All figured out
10:16 AM |
The day of the 9/11 attacks, the incubus of dramatically predisposed teenagers in one building meant reactions were running high. I remember some scoffing,"They deserve it," some wondering if their Dad was there because he was away on business that week but they'd forgotten exactly where, and of course most of us were shocked, absorbing it and thinking out loud about what it all meant as we watched the same images on repeat on TV screens.
I wore my army-green "Make love not war" T-Shirt the next day. Everyone's favourite teacher, the one who told us how it "really" was out there, put his fist slowly in the air and said, "right on sister." Fiancé and I were BF and GF then and there had not yet been much talk about growing up, careers or direction. I was free to lament the soldiers who packed up and deployed.

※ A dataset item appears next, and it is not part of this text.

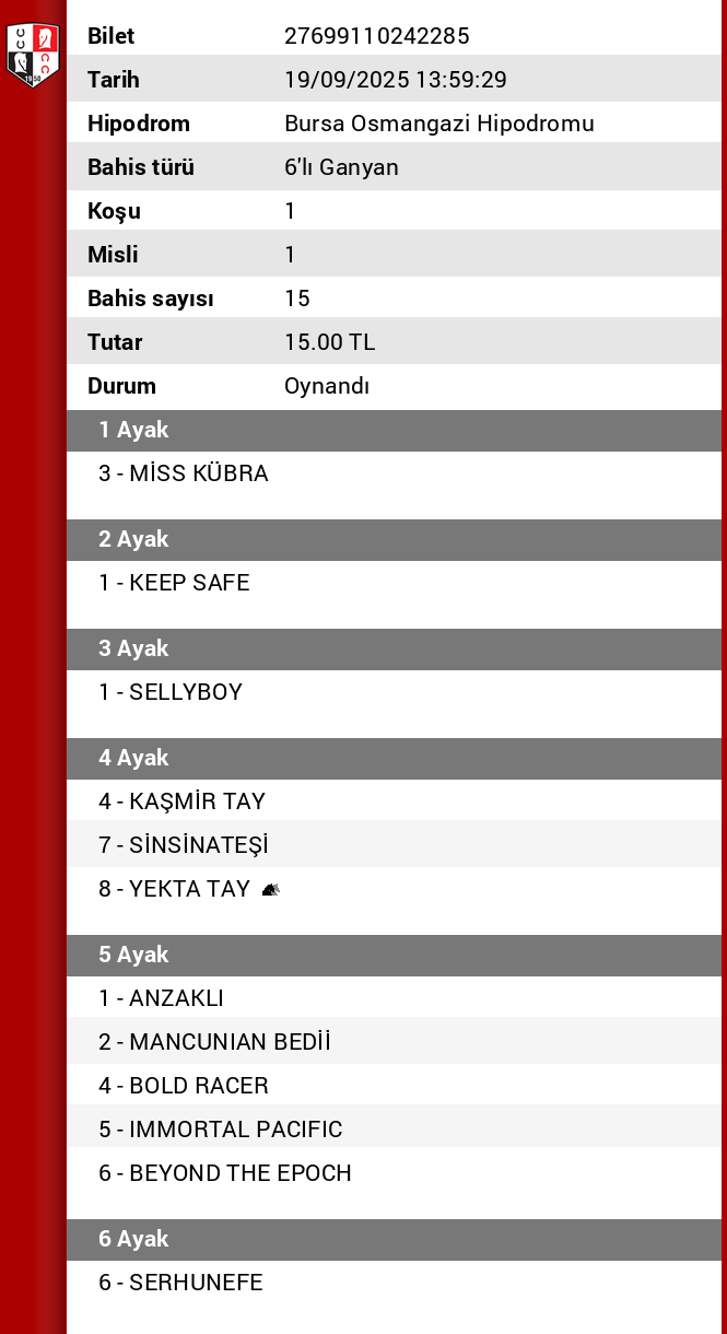 5.KOŞU : 5 IMMORTAL PASIFIC kaçabilir 4 BOLD RACER dan ters koşu bekliyorum geniş kuponlar kapatsın

I was 15, a naïve sponge who absorbed the arguments of those around me. That included anti-war, down-with-terror, bomb China, and any of the others that followed in the days after.
It was easy to feel bad for military families then. A part of me even thought military wives had been conned into something, that they only followed their husbands around because they didn't have aspirations of their own. I thought soldiers who truly thought the war was unjust would do what my 15-year-old righteous, wannabe activist would do-stay home and refuse deployment in protest, of course. Three summers later, the BF enrolled in the military and spent a summer in basic training.

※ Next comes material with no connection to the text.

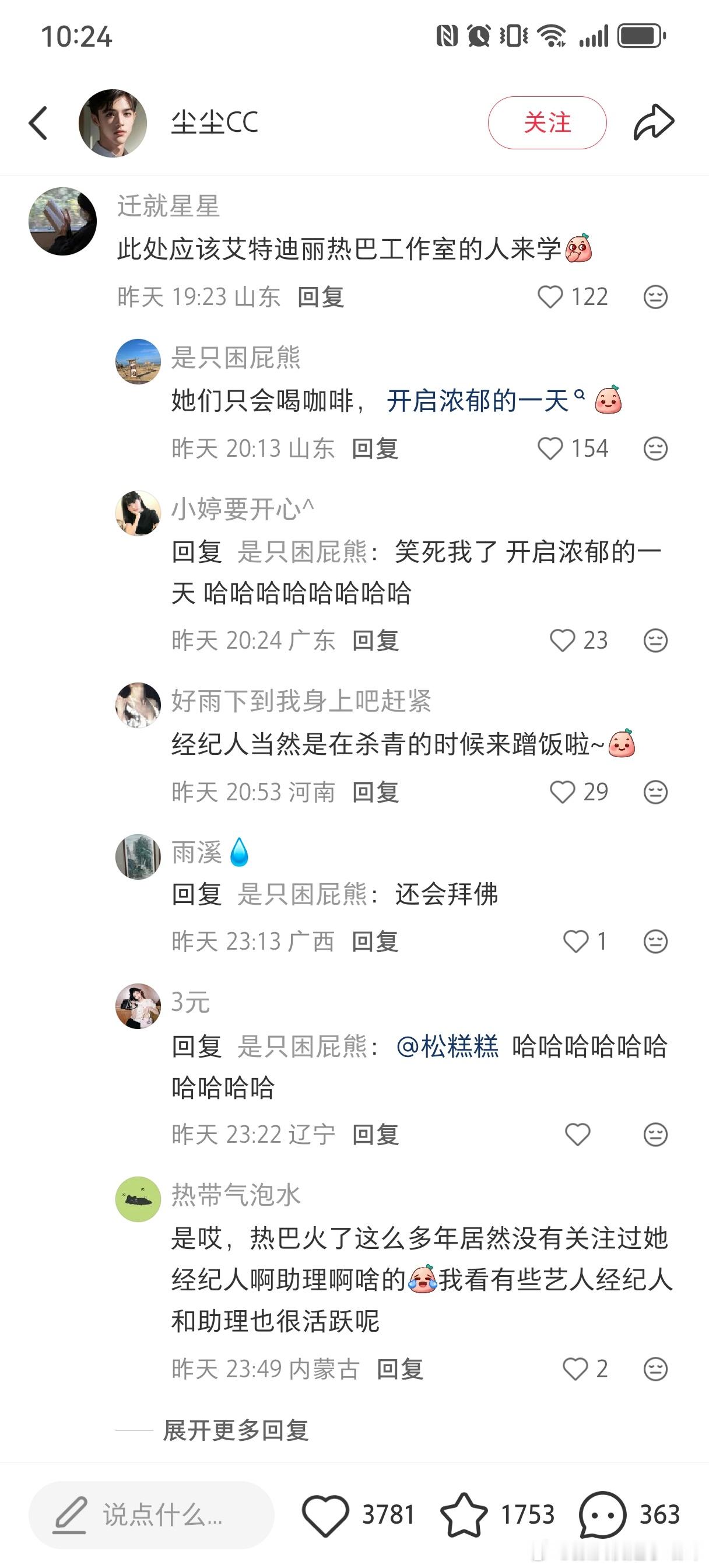 一篇名为《艺人进组后,经纪人在干什么的帖子》把各家粉丝都给炸出来了,感觉侯明昊和迪丽热巴的粉丝是最活跃的,大家都快来认领自家经纪人

He has since left the military and is now training for the federal police force. In November, I will be a federal police wife and we will move around the country. I will tailor the household to his weird shift work schedule and be the housewife I once judged as a 15-year-old know-it-all. I was struck today by the turnaround in my ideas. As a disclaimer, fiancé and I have already decided that while he was being a cop, I'd gladly hold down the fort, and then once kids were independent, I'd go to law school and he'd bask in his early retirement. Or something like that, since I know a few wrenches are bound to be thrown in that plan.

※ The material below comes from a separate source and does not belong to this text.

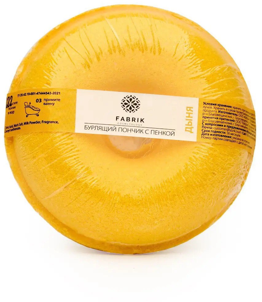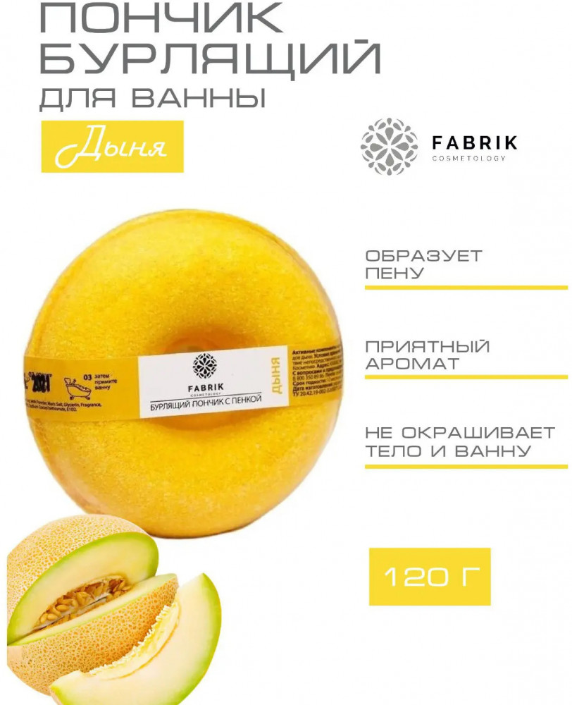 Fabrik Cosmetology Пончик для ванны бурлящий с пенкой «Дыня»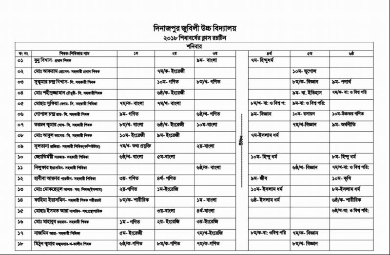 ক্লাস রুটিন (শনিবার-রবিবার)

I imagine no one stays the same as the 15-year-old versions of themselves. It makes me wonder, though, because I thought I knew it all back then. I had it all figured out, n'est pas? And now, I giggle at how opinionated I was for someone who'd hardly read the newspaper. I also furrow my brow wondering if 30 won't mean looking back and giggling at my twentysomething self, who also thought she knew it all, had it all figured out.